You can’t go wrong with that Magic Johnson confidence, and that ten-thousand-watt smile. No matter his human failings, Booker feels like the kind of politician who genuinely cares about people.
Elizabeth Warren, Senator from Massachusetts, reminds me of my grade school teacher Mrs. Mennenga. She has that same no-nonsense approach that brooks no foolishness in the classroom. And I have seen Mrs. Warren lecture the senate chamber on their less-than-perfect behavior. But she makes it clear that although she doesn’t love our stupidly selfish behavior at times, she loves us as her school children, and wants to prevent the sharks and the wolves of Wall Street from eating us whole.
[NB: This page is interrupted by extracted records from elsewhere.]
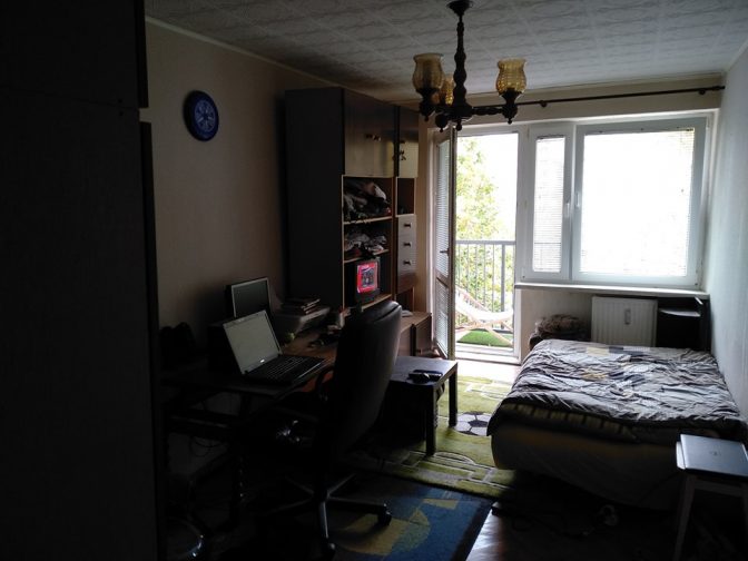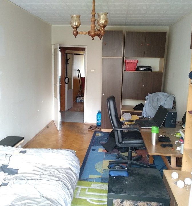 Pokój ma 15 m kw. i posiada balkon. W pokoju rozkładana kanapa (łóżko, mega wygodne ), duża szafa, barek, druga szafa z półkami, stół/biurko, stolik, narożna szafka nocna. Okna i balkon na stronę zachodnią.
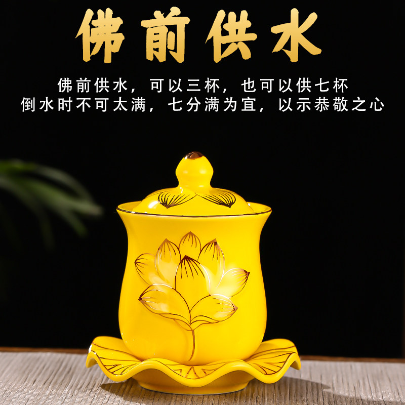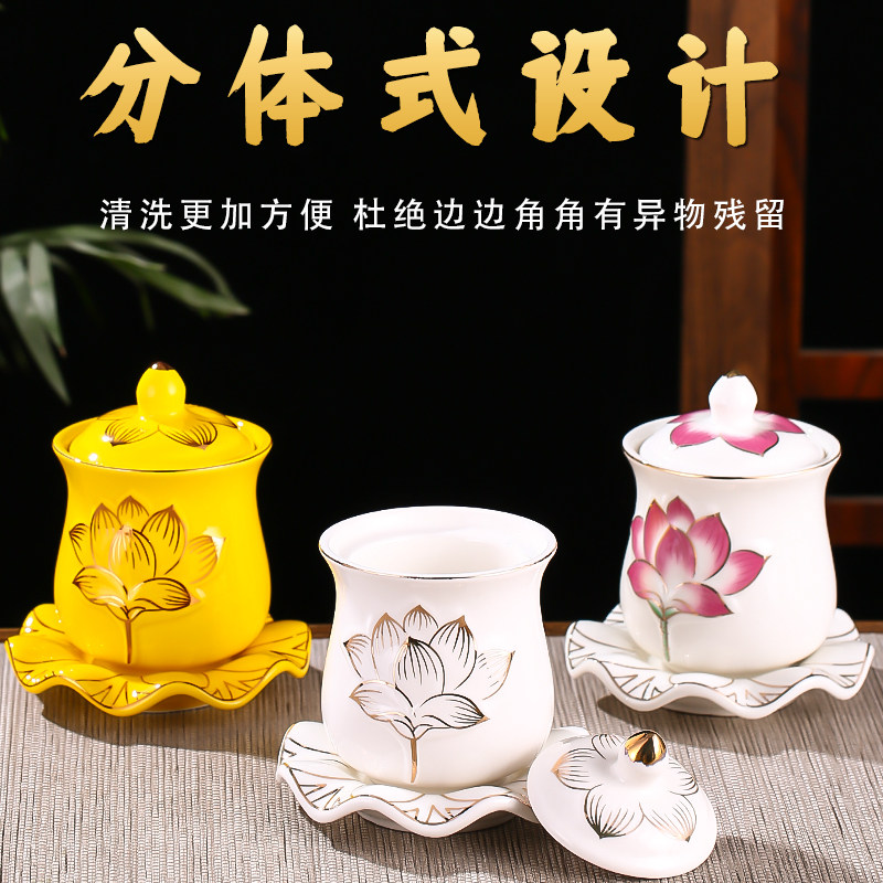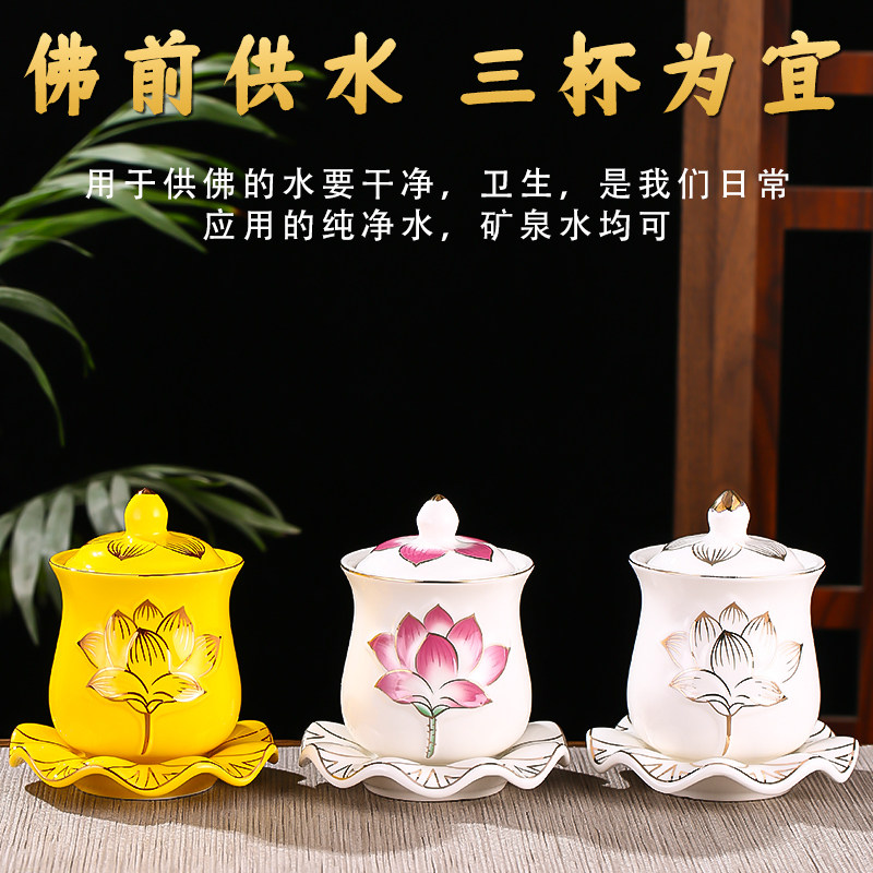 格宏 供杯陶瓷莲花佛前圣水杯观音供水杯佛具佛堂大悲供佛净水杯
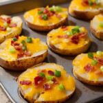 Crispy, golden baked potato rounds topped with melted cheddar cheese, savory crumbled bacon, and fresh green onions. These oven-roasted potato slices make a perfect appetizer or side dish that’s easy to prepare and satisfying to eat.
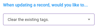 - Clear the existing tags: This option determines the general behavior for which tags will be applied to a record.
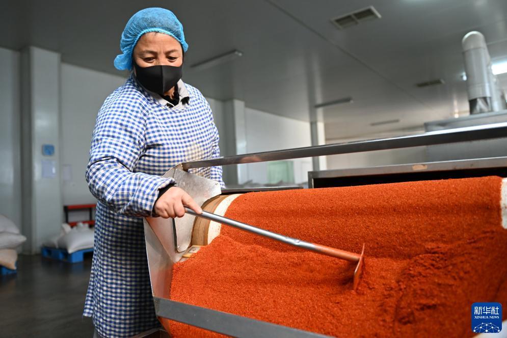 12月1日,河北省望都县一家辣椒加工企业的工人在辣椒面生产线上工作。
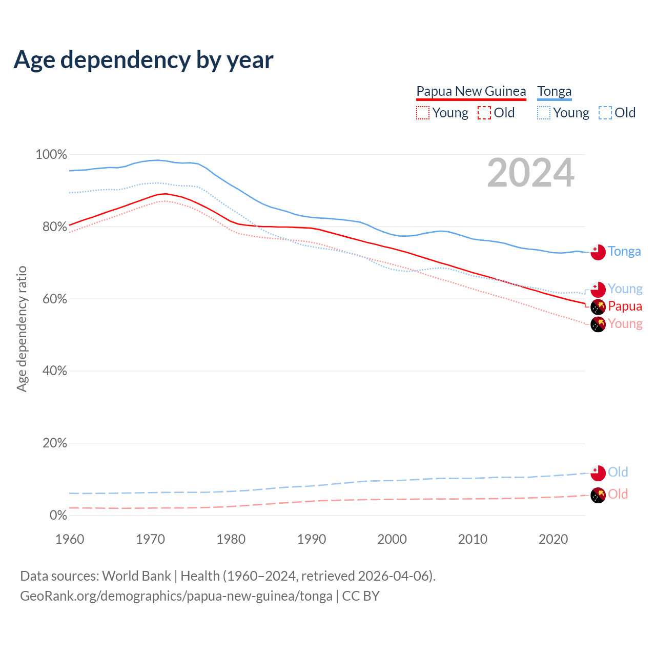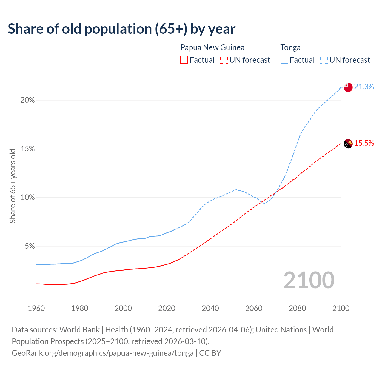 The share of older people aged 65 and over is 3.46% in Papua New Guinea and 6.72% in Tonga. Life expectancy in Papua New Guinea compared to Tonga .
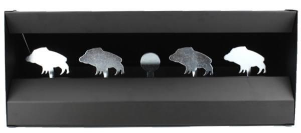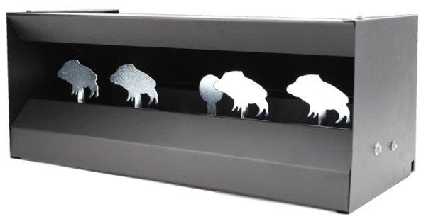 Denne skydekasse er lavet i metal og har 4 metal vildsvin indeni som mål
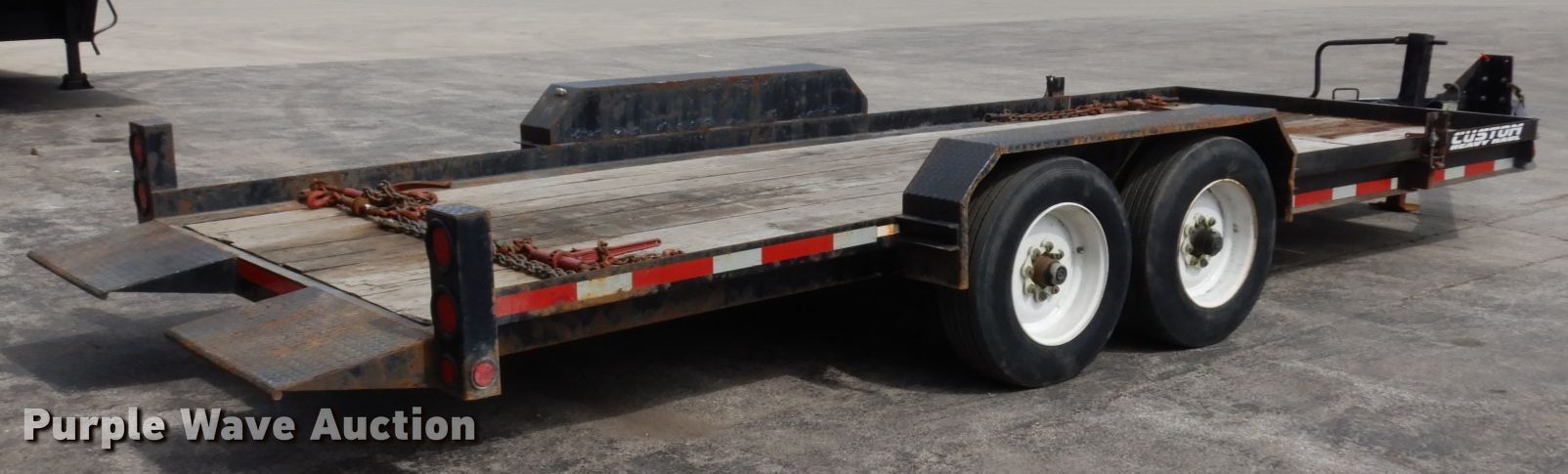 Purple Wave is selling a used Equip. Trailer in Illinois. This item is a 2016 Lucon tilt deck equipment trailer with the following: 26'L x 101"W overall, 19'2"L x 80"W deck, 18"L ramps, Wood deck, Single leg landing gear, Electric brakes, Tandem axle, Steel wheels, 215/75R17.5 tires, GVWR 16,800 lbs
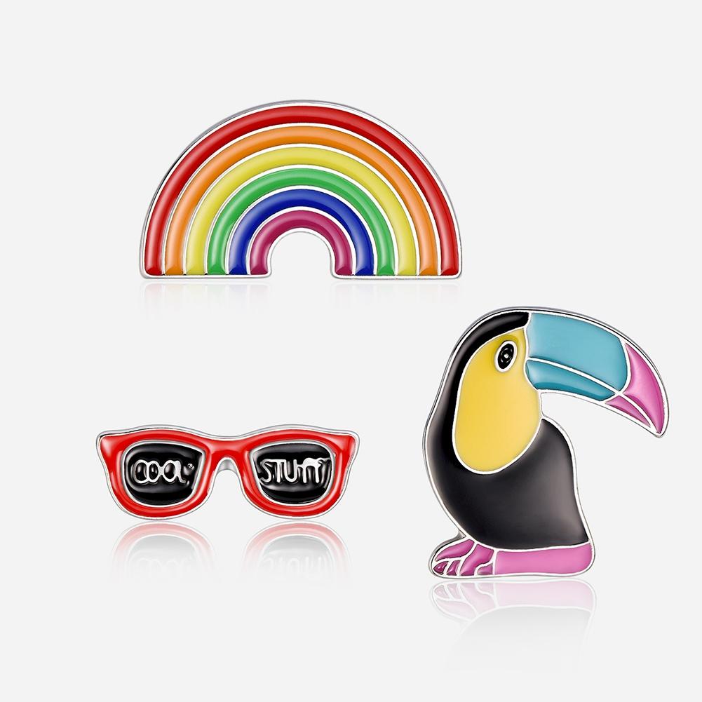 3PCS Lovely Colorful Cartoon Small Brooch Set Alloy Bag Clothes Lapel Pin
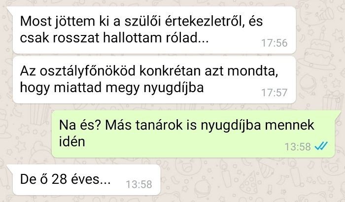9. A tanári pályán gyorsabban megöregszik az ember.
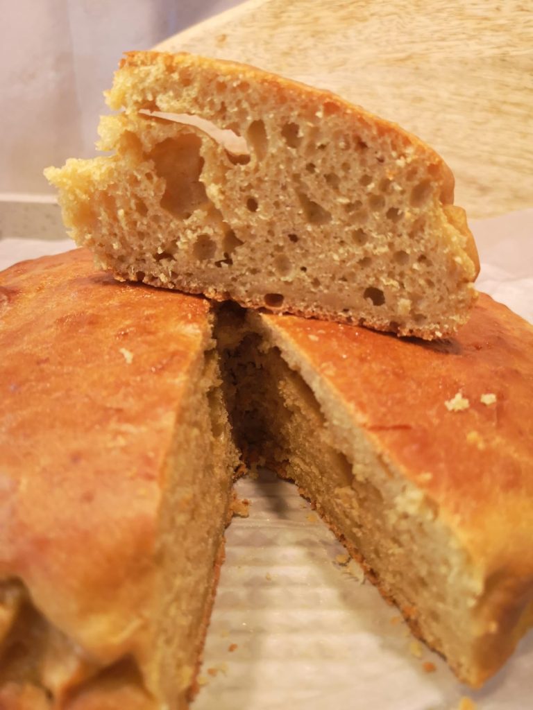 Es la clásica tarta para el desayuno o la merienda que se prepara en pocos minutos, pero con una textura que casi recuerda a una pastelería, gracias a su alveolado esponjoso y bien desarrollado.
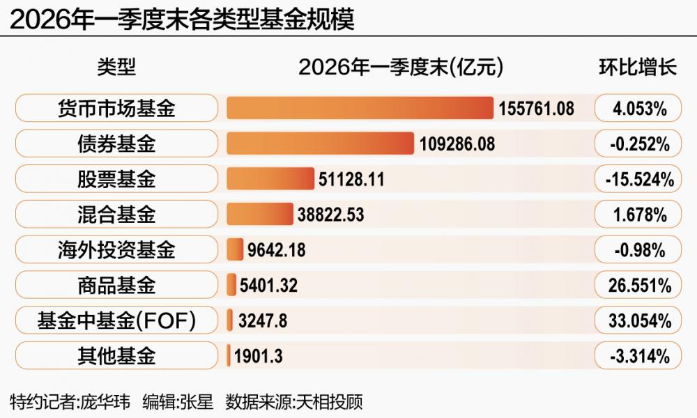 国泰海通证券的统计印证了这一趋势:一季度,混合型基金、商品型基金和FOF等规模均实现环比增长,而股票型基金、债券型基金、QDII债券型基金等规模则有所缩减。

I think by now you probably see where I am going with this. Democrats are far from perfect. It is probably better for me to think of myself politically as an Independent. But they are generally the progressive party. They want to change things for the better for the majority of the people. Conservative Republicans want to regressively change things back to the days of the robber barons when men like John D. Rockefeller, Andrew Carnegie, and J.P. Morgan could buy a president like William McKinley to make sure that most of the money in the world stayed in the pockets of the rich while the rest of us worked in sweat-shop slavery and poverty. We are almost back to that, with no more middle class, and almost all aspects of the economy around us benefiting primarily the Walmart heirs.
So, if I am able to defy my church and my religious affiliation and actually vote in the next election, I will vote for Bernie Sanders. Socialist though he is, he is promoting ideas that will help all of us. And, besides, he has the hair thing going for him. It’s Mickey hair all over again. No matter how you comb it and brush it and shellac it with goo… well, you know… What? Me, worry?